--- RECORDS TO USE Enclosed Below ---
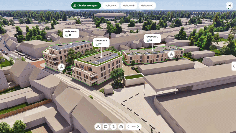 Verken je het volledige project in detail! Via de maquette klik je op elk gebouw naar keuze en krijg je per woning en appartement alle informatie:
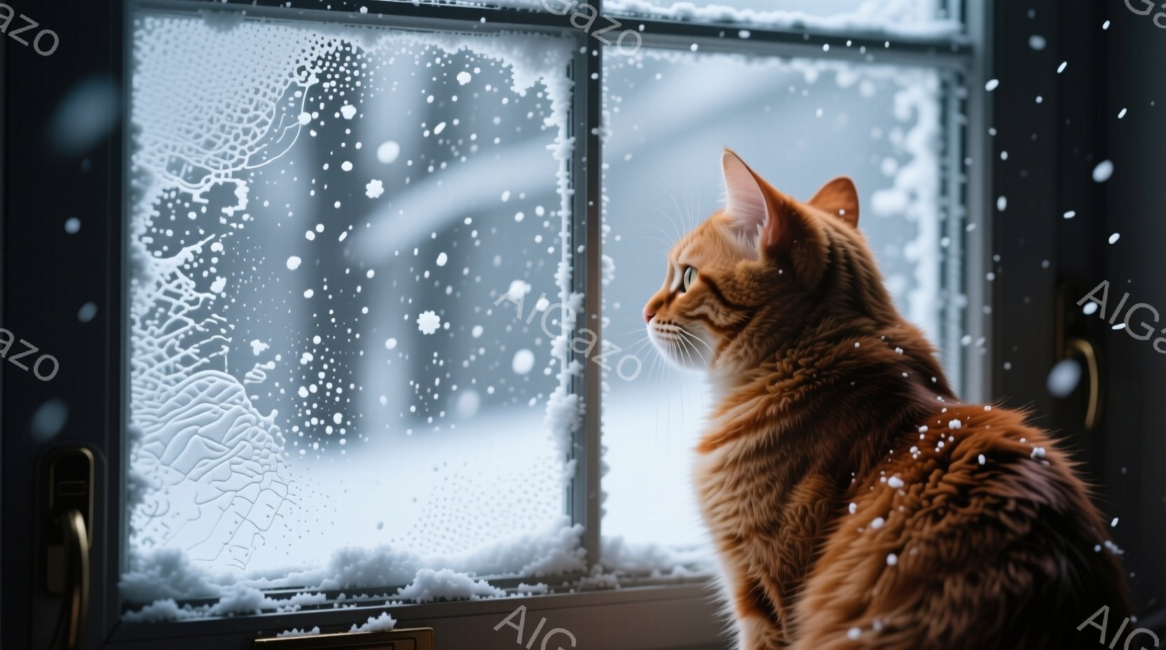 オレンジ色の毛並みの猫が窓辺に座り、外の雪景色をじっと見つめている。窓枠は白く、雪が降り積もる冬の風景がぼんやりと見える。猫はリラックスした姿勢で、静かで穏やかな冬の雰囲気を醸し出している。
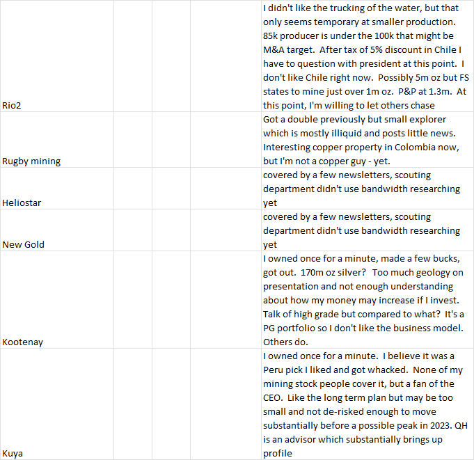 Lower minor leagues – these are names the mining stock guys have talked about and my scouting department hasn’t been out to visit them, OR a preview of the company didn’t get the scout’s attention.
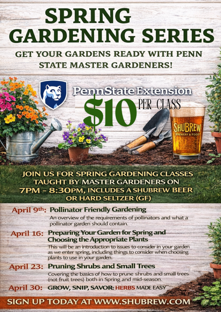 We’ve partnered with the Penn State Extension Master Gardeners of Butler County to bring you a Spring Gardening Series right here at ShuBrew!
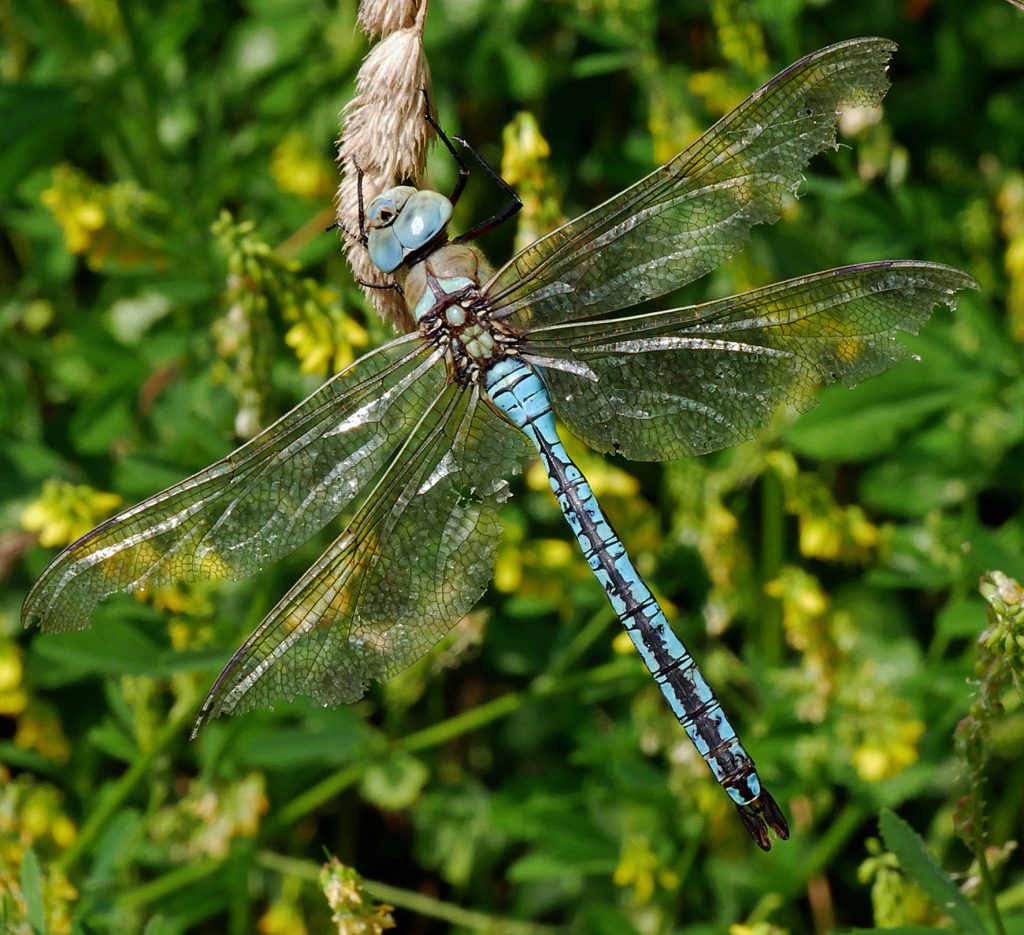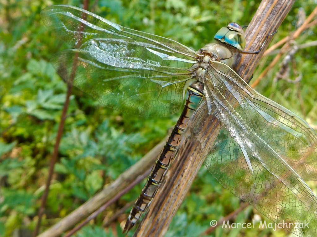 Betagtes Männchen der Großen Königslibelle mit beschädigten Flügeln, vermutlich vom Revierkämpfen (Bild: TrkaP)
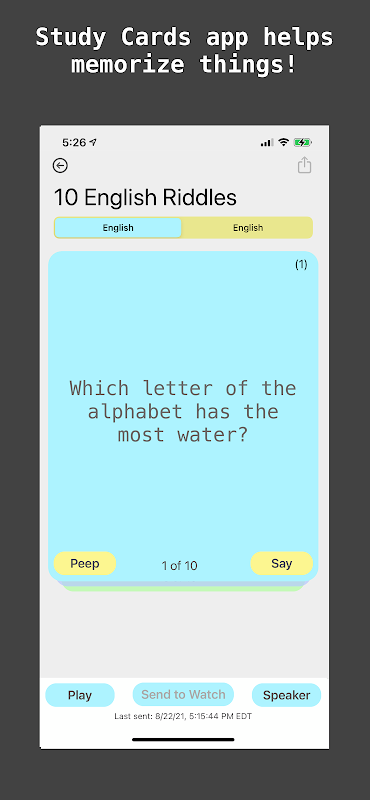 🏃Salah satu dari sedikit aplikasi kartu flash yang berfungsi di perangkat Wear OS, memungkinkan Anda belajar sambil berlari!
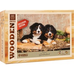 Ein besonders herziges Motiv für alle Hundefreundinnen und -freunde. Dieses hochwertige Holzpuzzle zeigt zwei süsse Berner Sennenhund Welpen auf einem gemütlichen Bauernhof ein liebevoller Moment voller Wärme und Natürlichkeit.
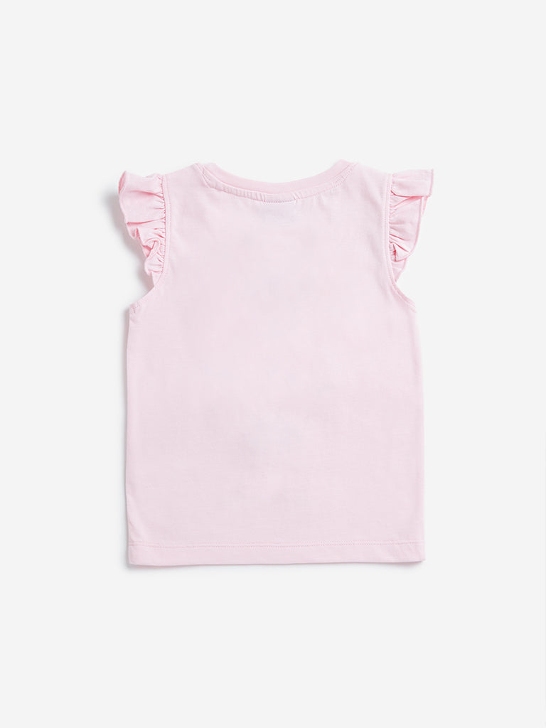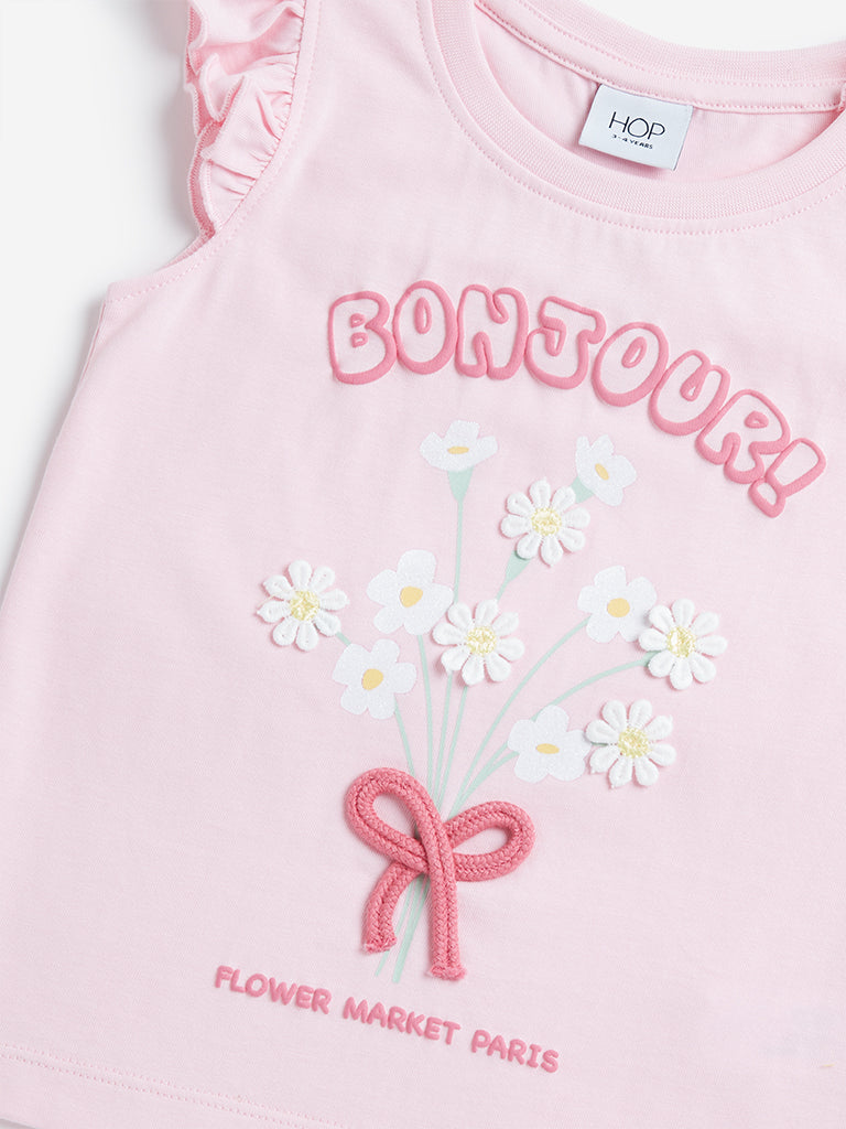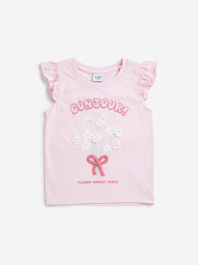 This HOP kids pink top showcases a floral applique coupled with text prints and a bow detailing for added charm. It comes finished with a round neck and ruffle sleeves.
--- End of Enclosed RECORDS TO USE ---
Quote, please, every line of the material above from its start through the line that has "Betagtes Männchen der", reproducing the words exactly and dropping any images.

EXERCISE SOLUTION ::
 Verken je het volledige project in detail! Via de maquette klik je op elk gebouw naar keuze en krijg je per woning en appartement alle informatie:
 オレンジ色の毛並みの猫が窓辺に座り、外の雪景色をじっと見つめている。窓枠は白く、雪が降り積もる冬の風景がぼんやりと見える。猫はリラックスした姿勢で、静かで穏やかな冬の雰囲気を醸し出している。
 Lower minor leagues – these are names the mining stock guys have talked about and my scouting department hasn’t been out to visit them, OR a preview of the company didn’t get the scout’s attention.
 We’ve partnered with the Penn State Extension Master Gardeners of Butler County to bring you a Spring Gardening Series right here at ShuBrew!
 Betagtes Männchen der Großen Königslibelle mit beschädigten Flügeln, vermutlich vom Revierkämpfen (Bild: TrkaP)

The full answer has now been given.